Usage outran the business model. The people who once taught you how to prompt are now teaching you how to conserve. That shift didn't happen by accident.
What this changed for me
The promise of AI, the version repeated in every keynote and pitch, is that it will keep getting better, keep getting cheaper, and keep becoming more accessible. That billions of people will use it for everything.
Maybe all of that is true, eventually. But there's a version of this story that doesn't get talked about much: the one where the energy and resource infrastructure can't keep pace with the ambition. Where the bottleneck isn't the intelligence. It's the planet.
The people promising that AI will replace most of human knowledge work are also implicitly promising that the energy to run it will exist, at scale, affordably, reliably, everywhere. That's a second bet. And it's a large one.
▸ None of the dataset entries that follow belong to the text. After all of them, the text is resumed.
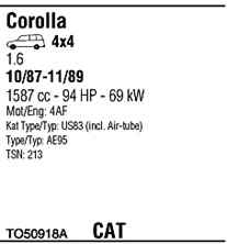 WALKER TO50918A Система випуску відпрацьованих газів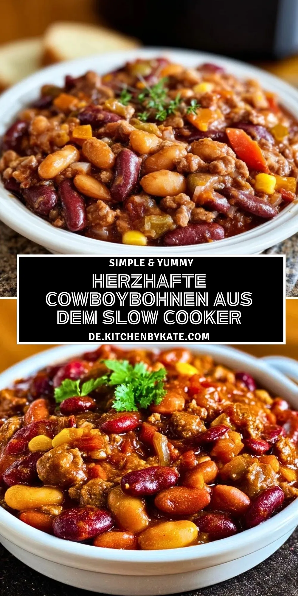 Wärmend, deftig und voller rustikaler Aromen: Cowboybohnen aus dem Slow Cooker sind das perfekte Wohlfühlessen für kalte Tage oder gesellige Abende mit Freunden. Die Kombination aus zarten Bohnen, würzigem Hackfleisch, Mais und einer herzhaften Tomatensoße sorgt für echten Genuss – und das ganz ohne viel Aufwand. Einfach alles in den Slow Cooker geben, den Rest erledigt die Zeit.
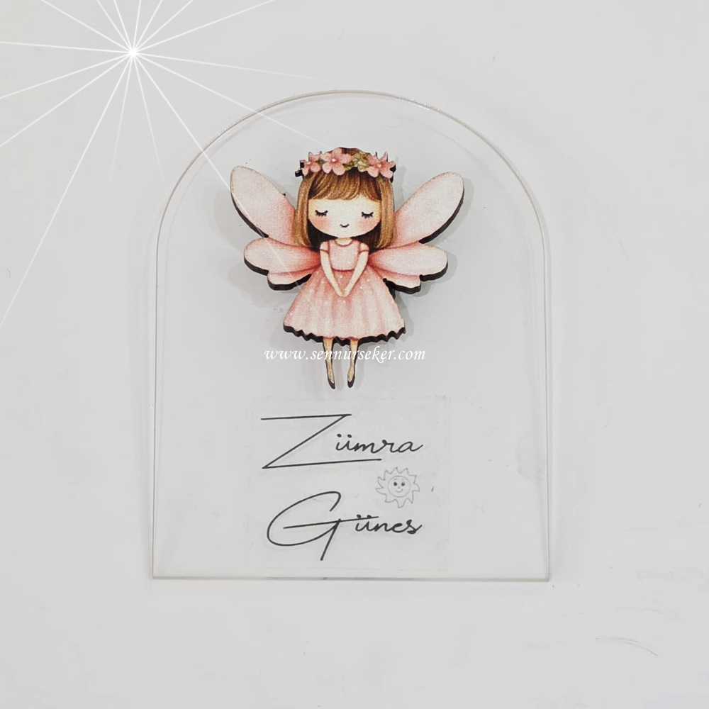 Şeffaf Pleksi Üzeri Ahşap Bebek Figürlü İsimli Magnet Hediyelik 4104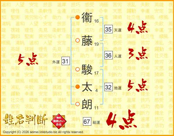 衞(16画)藤(19画) 駿(17画)太(4画)朗(11画)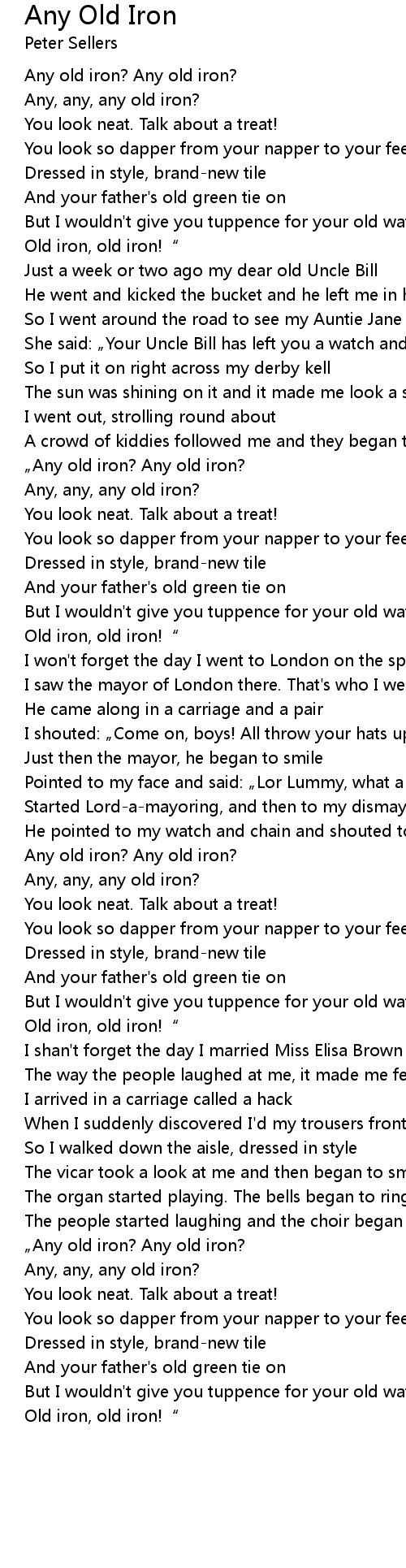 | But I wouldn't give you tuppence for your old watch and chain | |

Right now, natural gas still powers over 40% of U.S. data center electricity, with coal covering another 15%. The clean energy transition and the AI scaling race are happening simultaneously, and they're competing for the same grid.
We may get there. The engineers working on more efficient chips, smarter cooling, and nuclear microreactors aren't unaware of the problem. The search for a sustainable path is real and serious. But history suggests that breakthrough technology and resource pressure tend to arrive together, and the pressure usually comes first.
The next time you hit a usage limit, or notice that a tool you relied on has gotten more expensive, that's not a glitch. That's the edge of a very real resource equation working itself out in real time.
I don't have the answer. I'm not sure anyone does yet. But I wanted to understand what the question actually was. And it turned out to be a lot bigger than my monthly plan.